Pour leur part, les communautés maures de l’Est (Assaba et les deux Hodh –régions de l’Est), mais aussi celles du nord de la Mauritanie, attendront une semaine pour célébrer la journée du baptême avec les mêmes festivités.

En plus de la dimension religieuse, les ressortissants de la vallée du fleuve Sénégal, les différentes communautés de la Mauritanie donnent à la célébration du Mawlid un aspect pittoresque et coloré qui porte la marque du lieu et du temps, pour donner une belle symphonie.

Polémique

"Tous ces aspects réunis renvoient la belle image d’un islam ouvert et tolérant, aux antipodes de l’idéologie de violence et d’une vision importée de certaines contrées d’Arabie", souligne Ahmed Ould Mohamed. S’il évoque le sujet, c’est parce que le débat se pose depuis quelque temps. Certains critiquent la célébration de l’anniversaire de la naissance du Prophète.
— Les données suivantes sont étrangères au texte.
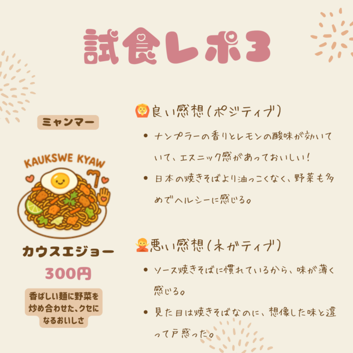 🔴アジアンコーナー試食レポ➡第3弾ミャンマーの焼きそば「カウスエ・ジョー」
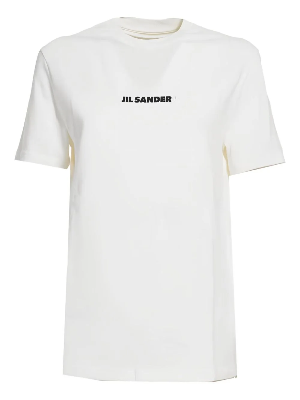 crew-neck T-shirt Jil Sander’s minimalist aesthetic is illustrated with this white cotton T-shirt. It’s simply detailed with a small contrasting logo print at the chest. Highlights - Beige - Crew neck - Logo print - Short sleeves - Straight hem - Cotton Made in Italy Composition Cotton 100%
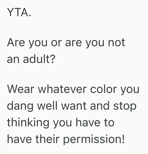 This woman and her husband were invited by his stepmother to a family event, and she was told by the stepmom that she doesn’t have to wear the family color.
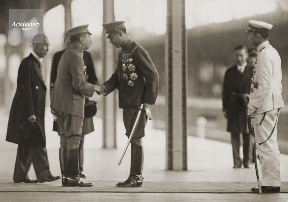 | キャプション | 満州国皇帝と5年ぶりに対面、握手を交わす昭和天皇(左から2人目)。右端は高松宮 | 制限事項 | ||
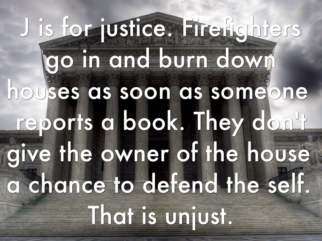 J is for justice. Firefighters go in and burn down houses as soon as someone reports a book. They don't give the owner of the house a chance to defend the self. That is unjust.
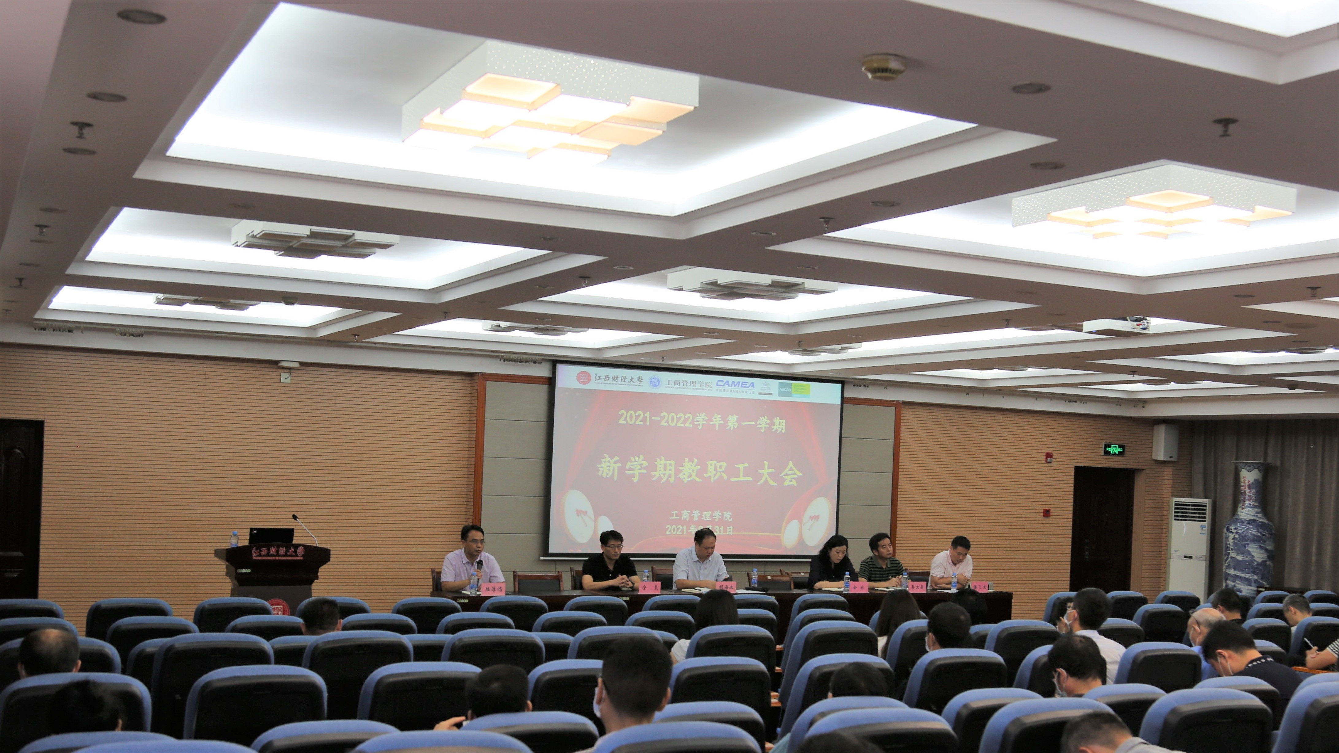 8月31日上午,工商管理学院在麦庐校区英孚大楼910会议室召开2021-2022学年第一学期全院教职工大会。院领导胡海波、宁亮、金欣、蔡文著、陆淳鸿、谌飞龙出席大会,全院全体教职工参加大会。
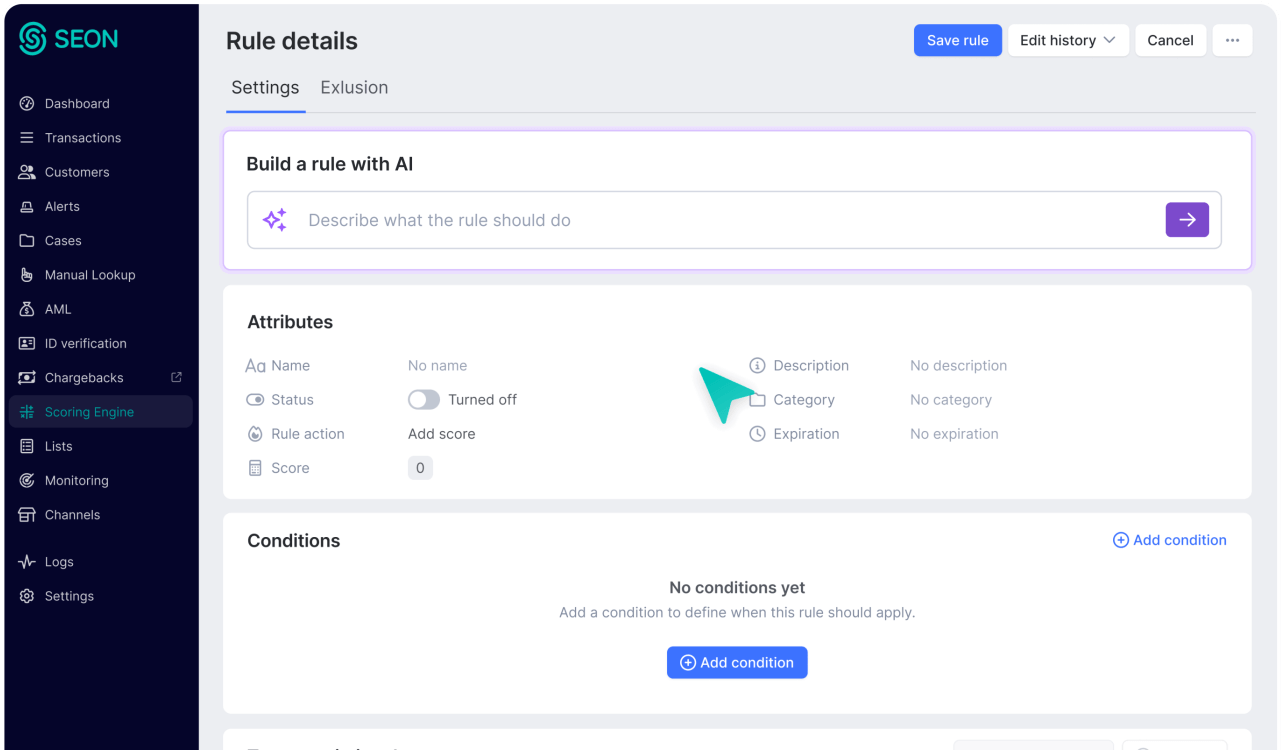 SEON supports every type of analysis fraud teams may choose, from rules-based to AI-driven. Fine-tune risk thresholds and build highly granular rules and alert triggers, with full transparency and zero limitations.
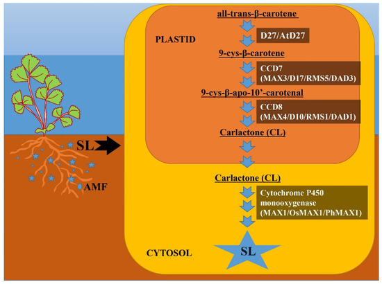 According to Matusova et al. [72], SLs are derived from carotenoids, as evidenced by minimal SL accumulation after treatment with the carotenoid biosynthesis inhibitor fluridone in maize plants. The functional role of SLs can be related to their formation and production in response to the needs of the system during evolution [73]. Since it has been discovered that the gene involved in SL production has been reported for many plant species, including algae and bryophytes, it can be hypothesized that these SLs are important molecules that have long persisted in the evolutionary chain [73]. SLs are four-ring (A–D) compounds that change function by the attachment of various groups to the A and B rings [12,15,73,74]. SLs were initially thought to be sesquiterpene lactones, but were later shown to be apocarotenoid derivatives of carotenoid cleavage mediated by carotenoid cleavage dioxygenase (CCDs) enzymes [75]. A member of the CCD family is involved in the production of various apocarotenoid compounds, such as cyclohexenone and mycorradicin [76]. Initial biosynthesis occurs in plastids with the help of three plastid-specific enzymes: D (DWARF)27, CCD7 and CCD8. Carotenoid isomerase D27, carotenoid cleavage dioxygenases CCD7 and CCD8 and cytochrome P450 monooxygenases were identified as SL biosynthesis enzymes through genetic screening for shoot-branching mutants [15]. Furthermore, from mutants with excessive shoot branching, SL biosynthesis genes were found and called more axillary growth (MAX) in Arabidopsis thaliana [75], Ramosus (RMS) in Pisum sativum [77], decreased apical dominance (DAD) in petunia [78] and dwarf (D) in Oryza sativa [79,80].
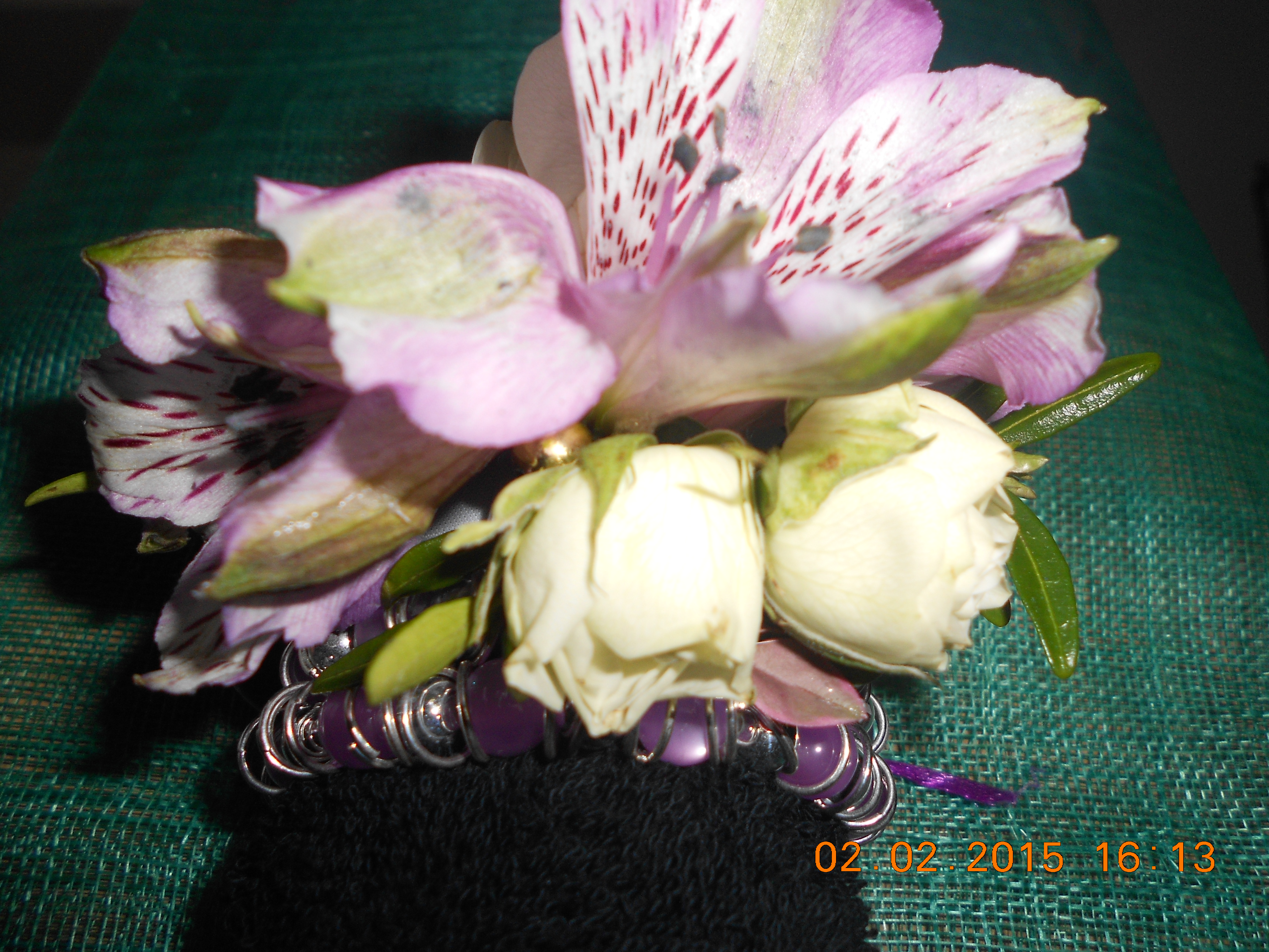 Rosebuds and Alstromeria which hug your wrist  . Both available in the right colour to complement your dress.
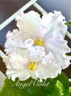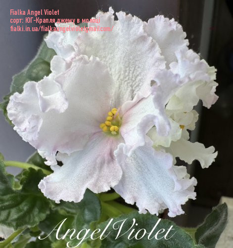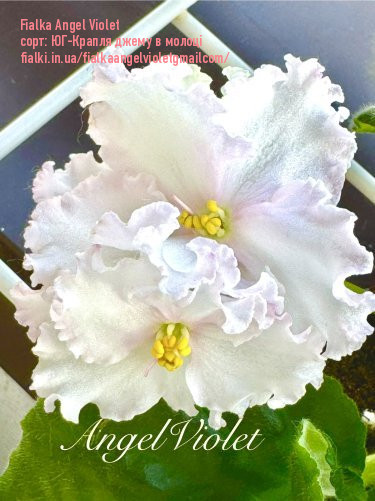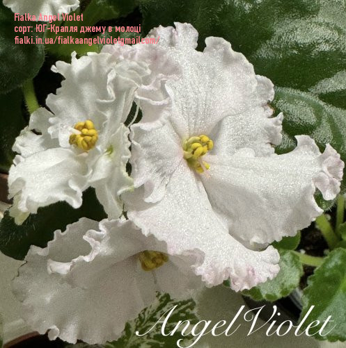 Фиалка (сенполия)ЮГ Крапля джему в молоці — ніжний сорт сенполії з великими хвилястими квітами молочно-білого кольору, прикрашеними легкою рожевою «розтушовкою» від центру та ледь помітною рожевою облямівкою по краю. Пелюстки гофровані, повітряні, що надає квітам особливої легкості. Розетка компактна, з темно-зеленим листям. Цвітіння рясне та тривале, сорт виглядає дуже делікатно й романтично!
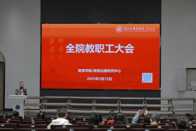 袁晖光在会上传达了浙外 2025 年新春第一会的精神。校领导在讲话中明确了学校 “办国际知名以服务新型国际关系为特色的外语名校” 的发展目标,强调在数字化时代背景下,各学院要积极推动学科建设、人才培养、科研创新等工作的高质量发展,提升学校整体竞争力,为学校长远发展谋篇布局。
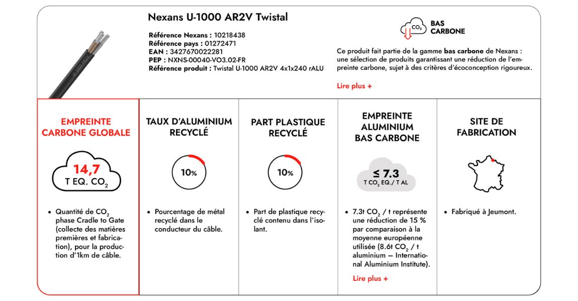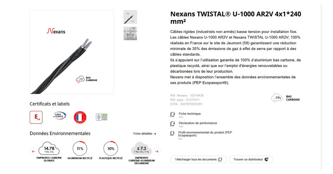 Le programme Bas Carbone est une démarche d’innovation continue pour améliorer la performance environnementale des produits et services de Nexans, en s’appuyant sur la transparence de la donnée environnementale. Déployé à l’échelle mondiale, ce programme s’applique à l’ensemble des références Nexans disposant d’une analyse de cycle de vie (ACV). C’est dans le cadre de ce programme inédit que Nexans a mis en place le premier affichage environnemental des données CO₂ de ses produits, facilement accessible depuis les fiches techniques des produits disposant d’une ACV certifiée. Une initiative pionnière dans l’industrie du câble.
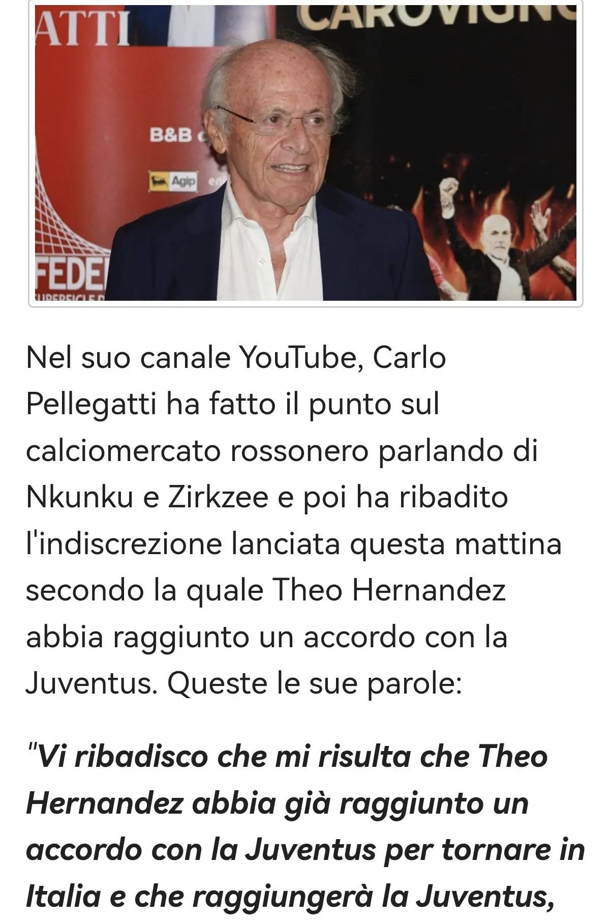 คาร์โล เปลเลกัตติ แสดงความคิดเห็นเกี่ยวกับกิจกรรมในตลาดซื้อขายนักเตะของมิลานผ่านช่อง YouTube ส่วนตัวของเขา โดยพูดถึงนคุนคูและซิร์คเซ่ พร้อมทั้งย้ำข่าวลือสำคัญที่ปรากฏในช่วงเที่ยงวันนี้ว่า เตโอ แอร์นานเดซ ได้บรรลุข้อตกลงกับยูเวนตุสแล้ว คำพูดของเขาโดยละเอียดมีดังนี้:
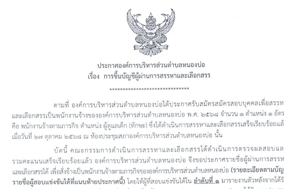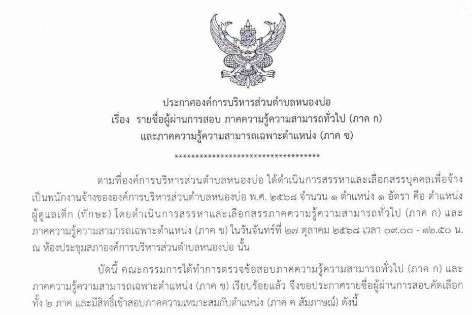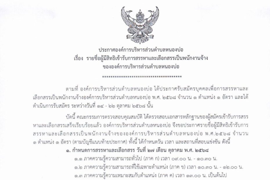 ประกาศรายชื่อผู้มีสิทธิเข้ารับการสรรหาและเลือกสรรเป็นพนักงานจ้างขององค์การบริหารส่วนตำบลหนองบ่อ subpart_nobggor2
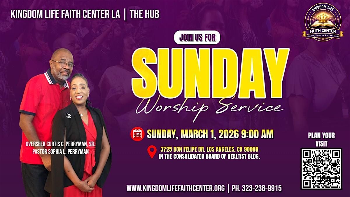 Come join us in person for a refreshing and uplifting experience at Kingdom Life Faith Center LA. Whether you're looking to connect with others, grow your faith, or just enjoy a warm community vibe, this event is for you. Expect good energy, inspiring messages, and a place where everyone feels welcome. Don’t miss out on a chance to be part of something amazing!
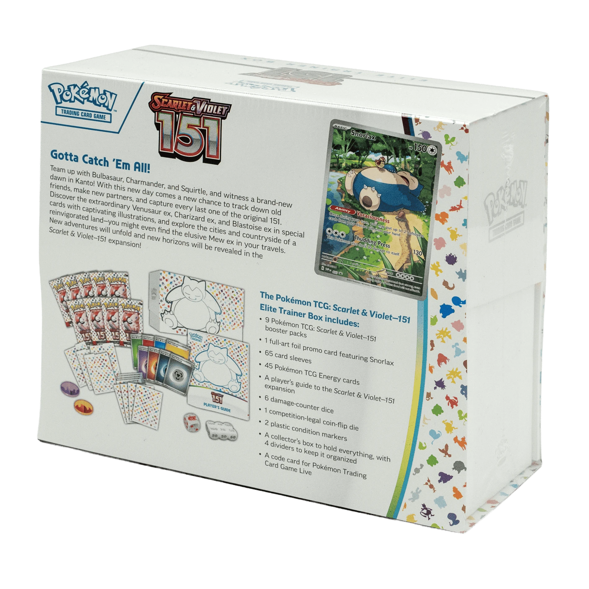 The Pokemon Trading Card Game Scarlet & Violet 151 Elite Trainer Box celebrates the original 151 Pokemon from the Kanto region, reimagined with modern Scarlet & Violet series mechanics and artwork. This special set features all 151 original Pokemon from the first generation, with their card numbers corresponding to their Pokedex entries, creating a nostalgic yet fresh collecting experience. The packaging features iconic first-generation Pokemon like Pikachu, the three original starters, and Mew, setting the tone for this tribute to Pokemon’s origins.
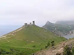 Los genoveses se establecieron en Crimea en 1266 cuando los mongoles les cedieron la ciudad de Caffa, iniciando la colonia de Gazaria. Según fuentes escritas, los genoveses comenzaron a establecerse en las laderas del monte Castron en 1343, que pertenecía al Principado de Teodoro. Incluso antes de la llegada de los genoveses, gracias a la obra misionera los franciscanos tenían allí un convento. En 1354 el kan Janibek de la Horda de Oro quemó esta fortificación y la población tuvo que huir. En 1357 los genoveses comenzaron la reconstrucción de la fortaleza y en 1380 el kan Tokhtamysh de la Horda de Oro firmó un tratado de paz con los genoveses y reconoció su derecho a poseer la fortaleza, que a partir de ese momento pasó a conocerse como Cembalo.
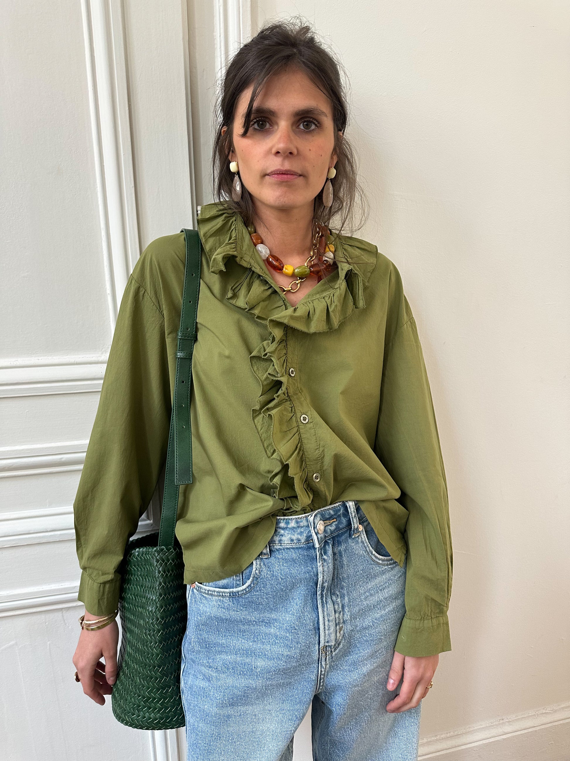 Alliant charme romantique et allure décontractée, la blouse HELOISE se distingue par son col volanté et sa patte de boutonnage ornée de froufrous. Sa coupe fluide et sa teinte olive en font une pièce forte, idéale pour réveiller un jean brut !
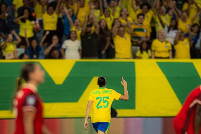 A Seleção Brasileira Feminina se tornou a campeã do FIFA Series 2026 ao vencer as canadenses por 1 a 0 neste sábado (18), na Arena Pantanal, com gol de Aline Gomes já na etapa final. Até a expulsão de Ary Borges no segundo tempo, as Canarinhas dominaram completamente o duelo. A seleção do Canadá até esboçou reação, mas parou nas grandes defesas de Lelê. Com a vitória, a equipe treinada por Arthur Elias encerrou o torneio amistoso invicta e com 12 gols em três jogos.As Canarinhas se impuseram no primeiro tempo, sufocando as adversárias canadenses contra o próprio campo defensivo, sobretudo em situações com Dudinha, Kerolin, Tainá Maranhão e Ludmila, esta última que perdeu a melhor chance da etapa. Ela recebeu belo lançamento, saiu livre de cara pro gol, mas bateu em cima da goleira Sheridan. A Seleção do Canadá conseguiu se manter impactada e segurar a pressão, inclusive quase abrindo o placar com Smith, que parou em duas grandes defesas de Lelê.
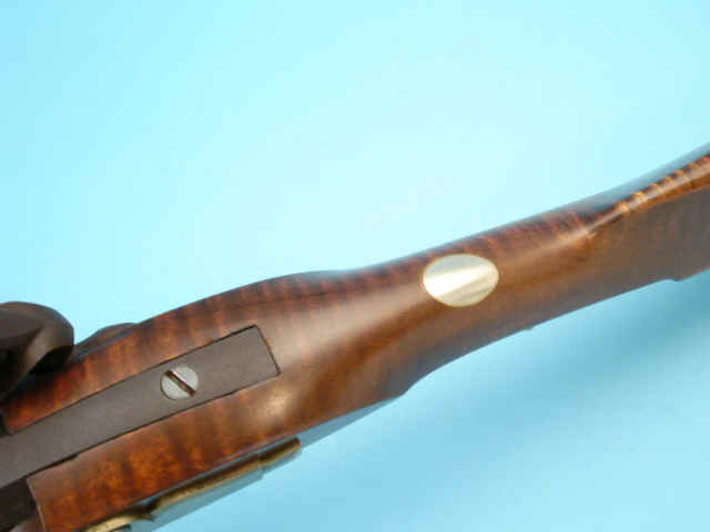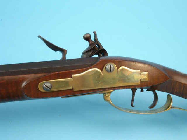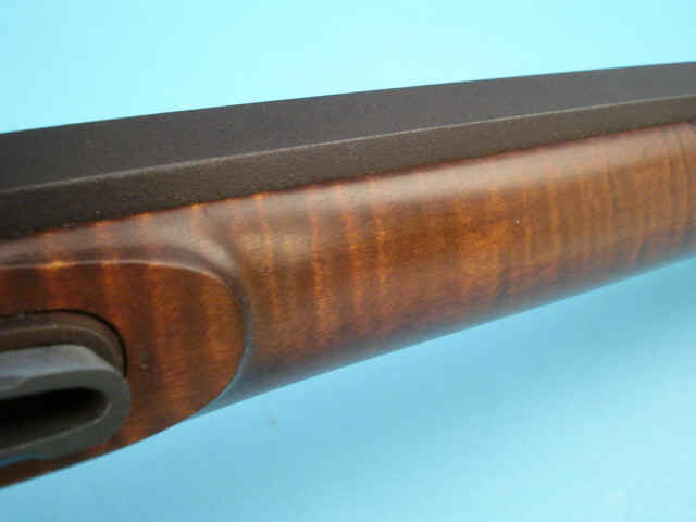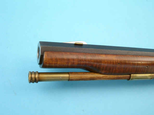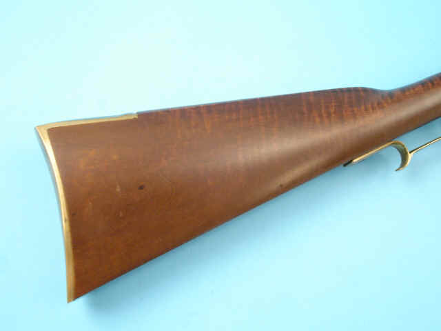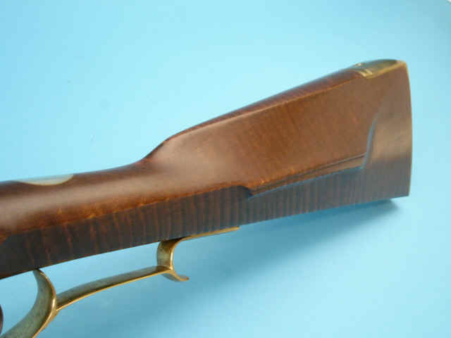 triggers. Brass furniture and buttplate. Tiger maple stock wtih wooden ramrod with brass

Donnant le sens profond et la portée réelle de cet événement à «le360afrique» Cheikh Mahfoud, un spécialiste des sciences religieuses, relève qu’il s’agit «d’une innovation». La signification littérale de ce mot en Arabe est «bidaa».

Ainsi, cette fête n’a été célébrée pour la première fois que bien après la disparition de Mohammed. Cependant, il précise que «contrairement à ce que pensent et prétendent de nombreux profanes, l’innovation ne doit pas être systématiquement rejetée».Se référant à l’Imam Al- Bayhaqi, il ajoute «les innovations sont de deux sortes. Si ce qui est innové rentre en conflit avec le livre, la sunna, un rapport d’un compagnon ou un consensus, cette démarche relève d’un égarement. Si, en revanche, il s’agit d’une pratique nouvelle qui ne rentre pas en conflit avec la charia, c'est-à-dire la loi islamique et la jurisprudence, elle n’a rien de blâmable». Se regrouper pour rendre hommage à la plus sainte des créatures rentre alors dans le cadre des bonnes «innovations».